The MFS Blended Research International Equity ETF (BRIE) seeks to provide long-term capital appreciation by investing in international developed and emerging market equities. This actively managed ETF combines quantitative screening with fundamental research to select undervalued companies outside the United States across various market capitalizations and sectors.

How It Works

BRIE employs an active management approach that blends systematic quantitative models with traditional fundamental analysis conducted by MFS portfolio managers. The fund screens international markets for attractive valuation metrics, quality characteristics, and momentum factors, then applies bottom-up research to refine selections.
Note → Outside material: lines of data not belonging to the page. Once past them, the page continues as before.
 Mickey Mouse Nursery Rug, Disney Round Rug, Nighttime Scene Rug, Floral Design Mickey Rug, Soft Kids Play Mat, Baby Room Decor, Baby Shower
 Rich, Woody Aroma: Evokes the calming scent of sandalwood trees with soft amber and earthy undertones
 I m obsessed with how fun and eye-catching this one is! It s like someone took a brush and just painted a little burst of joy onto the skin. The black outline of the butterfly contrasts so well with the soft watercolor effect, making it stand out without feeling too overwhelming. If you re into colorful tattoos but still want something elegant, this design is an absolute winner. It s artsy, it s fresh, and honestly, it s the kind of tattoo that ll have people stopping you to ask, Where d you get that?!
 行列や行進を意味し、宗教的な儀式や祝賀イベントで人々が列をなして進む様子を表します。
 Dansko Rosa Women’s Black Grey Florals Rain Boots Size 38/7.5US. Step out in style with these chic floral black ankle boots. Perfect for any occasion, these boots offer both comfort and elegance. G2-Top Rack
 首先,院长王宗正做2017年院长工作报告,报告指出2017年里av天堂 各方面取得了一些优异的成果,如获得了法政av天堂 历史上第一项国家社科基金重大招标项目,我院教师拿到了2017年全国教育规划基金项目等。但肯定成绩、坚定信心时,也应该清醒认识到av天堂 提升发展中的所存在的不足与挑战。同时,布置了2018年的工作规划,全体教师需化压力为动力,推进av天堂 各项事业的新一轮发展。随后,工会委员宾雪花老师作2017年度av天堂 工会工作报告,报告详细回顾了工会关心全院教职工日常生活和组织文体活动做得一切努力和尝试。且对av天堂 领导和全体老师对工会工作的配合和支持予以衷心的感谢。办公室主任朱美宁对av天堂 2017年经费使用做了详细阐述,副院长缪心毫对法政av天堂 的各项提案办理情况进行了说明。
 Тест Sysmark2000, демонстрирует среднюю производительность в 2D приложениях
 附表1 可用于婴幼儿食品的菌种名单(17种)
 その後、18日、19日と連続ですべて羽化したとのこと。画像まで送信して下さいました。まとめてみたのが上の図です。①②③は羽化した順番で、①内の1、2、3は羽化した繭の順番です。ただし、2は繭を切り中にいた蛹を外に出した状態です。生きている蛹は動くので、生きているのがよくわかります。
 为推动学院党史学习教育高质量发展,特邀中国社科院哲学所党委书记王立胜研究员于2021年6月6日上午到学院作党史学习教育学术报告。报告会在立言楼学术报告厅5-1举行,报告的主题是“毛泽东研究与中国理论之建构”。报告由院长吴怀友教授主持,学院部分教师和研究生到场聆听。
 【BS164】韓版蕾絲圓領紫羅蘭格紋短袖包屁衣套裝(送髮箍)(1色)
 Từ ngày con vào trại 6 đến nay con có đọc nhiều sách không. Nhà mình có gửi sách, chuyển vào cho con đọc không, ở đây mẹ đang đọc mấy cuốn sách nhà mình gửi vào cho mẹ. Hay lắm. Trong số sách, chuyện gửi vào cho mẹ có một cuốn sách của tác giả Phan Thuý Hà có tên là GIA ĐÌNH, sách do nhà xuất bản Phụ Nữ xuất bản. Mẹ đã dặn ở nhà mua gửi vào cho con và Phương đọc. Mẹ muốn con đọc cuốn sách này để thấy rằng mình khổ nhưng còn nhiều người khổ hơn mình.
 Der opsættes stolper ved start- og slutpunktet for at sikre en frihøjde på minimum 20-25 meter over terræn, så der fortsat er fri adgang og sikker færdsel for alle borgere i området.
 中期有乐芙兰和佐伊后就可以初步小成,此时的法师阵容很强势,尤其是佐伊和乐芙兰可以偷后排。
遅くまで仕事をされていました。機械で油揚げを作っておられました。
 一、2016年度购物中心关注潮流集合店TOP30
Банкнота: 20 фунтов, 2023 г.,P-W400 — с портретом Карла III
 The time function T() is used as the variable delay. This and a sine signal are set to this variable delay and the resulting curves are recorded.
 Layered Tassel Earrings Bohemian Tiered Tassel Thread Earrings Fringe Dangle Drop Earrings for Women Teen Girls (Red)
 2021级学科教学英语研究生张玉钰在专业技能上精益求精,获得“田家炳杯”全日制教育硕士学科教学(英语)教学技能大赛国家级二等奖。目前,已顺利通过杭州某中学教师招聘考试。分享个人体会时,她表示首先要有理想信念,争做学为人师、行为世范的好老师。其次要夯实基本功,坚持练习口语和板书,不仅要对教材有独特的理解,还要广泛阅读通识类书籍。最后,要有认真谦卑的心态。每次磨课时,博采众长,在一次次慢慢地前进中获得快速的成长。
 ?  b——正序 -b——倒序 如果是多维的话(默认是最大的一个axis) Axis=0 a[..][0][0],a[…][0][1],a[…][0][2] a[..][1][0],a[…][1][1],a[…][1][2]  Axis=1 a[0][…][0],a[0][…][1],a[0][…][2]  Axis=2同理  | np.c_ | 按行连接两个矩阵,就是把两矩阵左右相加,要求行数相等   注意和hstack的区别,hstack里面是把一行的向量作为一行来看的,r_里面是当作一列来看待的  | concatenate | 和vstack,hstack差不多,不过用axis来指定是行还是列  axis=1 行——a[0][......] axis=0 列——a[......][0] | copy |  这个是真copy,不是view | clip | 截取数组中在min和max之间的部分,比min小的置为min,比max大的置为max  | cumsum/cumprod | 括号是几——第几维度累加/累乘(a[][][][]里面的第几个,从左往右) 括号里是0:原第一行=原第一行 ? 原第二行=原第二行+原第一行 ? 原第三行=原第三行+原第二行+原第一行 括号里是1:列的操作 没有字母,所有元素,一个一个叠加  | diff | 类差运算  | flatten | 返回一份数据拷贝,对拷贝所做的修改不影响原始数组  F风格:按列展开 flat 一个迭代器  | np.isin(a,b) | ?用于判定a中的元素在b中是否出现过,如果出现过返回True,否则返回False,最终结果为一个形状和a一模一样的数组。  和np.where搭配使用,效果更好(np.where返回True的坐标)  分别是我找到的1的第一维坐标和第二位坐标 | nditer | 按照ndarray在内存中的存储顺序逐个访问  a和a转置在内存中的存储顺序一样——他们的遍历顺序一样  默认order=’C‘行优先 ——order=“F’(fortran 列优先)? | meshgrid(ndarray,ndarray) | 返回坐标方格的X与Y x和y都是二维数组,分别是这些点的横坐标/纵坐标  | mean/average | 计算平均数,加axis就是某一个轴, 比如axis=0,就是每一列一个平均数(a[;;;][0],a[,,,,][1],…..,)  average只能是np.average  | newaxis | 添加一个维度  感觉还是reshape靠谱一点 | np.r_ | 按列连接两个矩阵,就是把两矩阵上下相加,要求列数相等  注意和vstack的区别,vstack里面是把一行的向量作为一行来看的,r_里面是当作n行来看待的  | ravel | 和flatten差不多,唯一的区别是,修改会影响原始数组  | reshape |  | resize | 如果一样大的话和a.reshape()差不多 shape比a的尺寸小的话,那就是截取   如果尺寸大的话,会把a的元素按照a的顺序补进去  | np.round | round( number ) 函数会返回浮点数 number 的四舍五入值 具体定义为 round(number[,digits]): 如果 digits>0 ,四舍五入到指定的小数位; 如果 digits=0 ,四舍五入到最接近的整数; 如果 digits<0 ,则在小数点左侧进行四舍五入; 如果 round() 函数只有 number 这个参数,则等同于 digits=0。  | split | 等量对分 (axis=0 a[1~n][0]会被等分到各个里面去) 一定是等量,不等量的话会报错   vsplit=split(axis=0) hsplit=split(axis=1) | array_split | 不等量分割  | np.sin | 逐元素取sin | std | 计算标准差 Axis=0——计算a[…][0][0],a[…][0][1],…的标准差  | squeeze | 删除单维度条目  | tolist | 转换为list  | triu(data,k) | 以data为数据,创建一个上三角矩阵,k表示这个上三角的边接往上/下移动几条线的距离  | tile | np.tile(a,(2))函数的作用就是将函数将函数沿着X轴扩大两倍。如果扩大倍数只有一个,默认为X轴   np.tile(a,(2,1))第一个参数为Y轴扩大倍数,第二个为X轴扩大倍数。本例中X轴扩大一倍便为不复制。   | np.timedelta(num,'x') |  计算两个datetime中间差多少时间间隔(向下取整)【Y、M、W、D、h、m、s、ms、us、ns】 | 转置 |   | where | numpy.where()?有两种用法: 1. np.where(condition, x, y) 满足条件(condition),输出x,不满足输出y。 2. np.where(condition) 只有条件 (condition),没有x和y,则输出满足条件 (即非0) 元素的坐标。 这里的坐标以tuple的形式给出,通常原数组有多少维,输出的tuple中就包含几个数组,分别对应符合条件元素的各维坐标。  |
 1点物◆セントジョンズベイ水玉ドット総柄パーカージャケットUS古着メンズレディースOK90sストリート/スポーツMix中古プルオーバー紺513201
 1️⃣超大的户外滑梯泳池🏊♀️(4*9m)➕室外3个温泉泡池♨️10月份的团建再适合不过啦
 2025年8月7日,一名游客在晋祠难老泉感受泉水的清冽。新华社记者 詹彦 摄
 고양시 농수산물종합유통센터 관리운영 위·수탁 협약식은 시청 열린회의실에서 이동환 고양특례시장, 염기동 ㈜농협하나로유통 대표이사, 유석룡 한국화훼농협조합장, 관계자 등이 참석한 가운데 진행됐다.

Portfolio construction focuses on risk-adjusted returns with regular rebalancing based on changing market conditions and research insights. Holdings typically range from 50-150 companies across developed and emerging international markets.

Key Features

  • Combines quantitative screening with human expertise, potentially capturing opportunities pure index funds miss in international markets
  • Active management allows tactical positioning during market dislocations and currency fluctuations affecting international investments
  • Recently launched ETF with 0.00% expense ratio, though this promotional rate may increase after initial period

Risks

  • This ETF can lose value when active management decisions underperform passive international indexes, as manager selection risk adds uncertainty beyond market movements
  • Currency fluctuations can significantly impact returns when foreign holdings are converted to USD, potentially adding 5-15% annual volatility
  • International equity markets can decline 40-50% during global recessions, with emerging market exposure potentially amplifying volatility during crisis periods

Who Should Own This

Best suited for investors with 5+ year time horizons seeking international diversification beyond passive indexing approaches. Requires medium-to-high risk tolerance due to active management and foreign market volatility. Works as satellite holding representing 10-25% of equity allocation for investors comfortable with manager selection risk and currency exposure.